§ **What you will do**: Only one stretch of the data below is wanted: the lines starting at the one with "Many in stockThe" and ending at the one with "COTTON THREADED GEM", both included, given again exactly.

======== Material provided

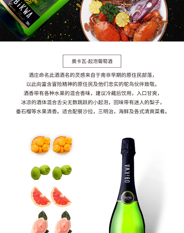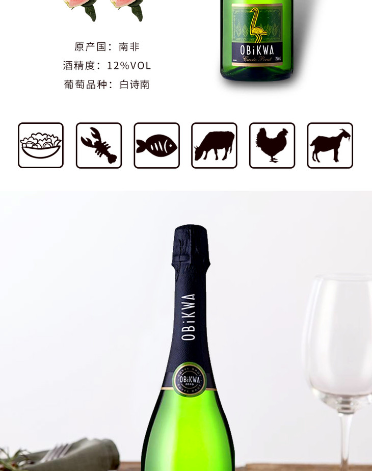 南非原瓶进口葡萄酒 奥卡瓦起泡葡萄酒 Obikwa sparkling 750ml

================
======== Material provided

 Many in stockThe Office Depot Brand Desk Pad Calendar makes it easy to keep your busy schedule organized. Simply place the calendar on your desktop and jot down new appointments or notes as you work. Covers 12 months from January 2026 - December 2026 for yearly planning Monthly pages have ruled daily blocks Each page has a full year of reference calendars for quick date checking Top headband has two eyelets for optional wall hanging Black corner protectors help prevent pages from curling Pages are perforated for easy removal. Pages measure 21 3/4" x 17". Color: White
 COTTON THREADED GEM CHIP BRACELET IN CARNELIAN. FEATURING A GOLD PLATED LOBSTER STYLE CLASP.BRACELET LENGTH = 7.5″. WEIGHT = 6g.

================

§ **Solution**:
 Many in stockThe Office Depot Brand Desk Pad Calendar makes it easy to keep your busy schedule organized. Simply place the calendar on your desktop and jot down new appointments or notes as you work. Covers 12 months from January 2026 - December 2026 for yearly planning Monthly pages have ruled daily blocks Each page has a full year of reference calendars for quick date checking Top headband has two eyelets for optional wall hanging Black corner protectors help prevent pages from curling Pages are perforated for easy removal. Pages measure 21 3/4" x 17". Color: White
 COTTON THREADED GEM CHIP BRACELET IN CARNELIAN. FEATURING A GOLD PLATED LOBSTER STYLE CLASP.BRACELET LENGTH = 7.5″. WEIGHT = 6g.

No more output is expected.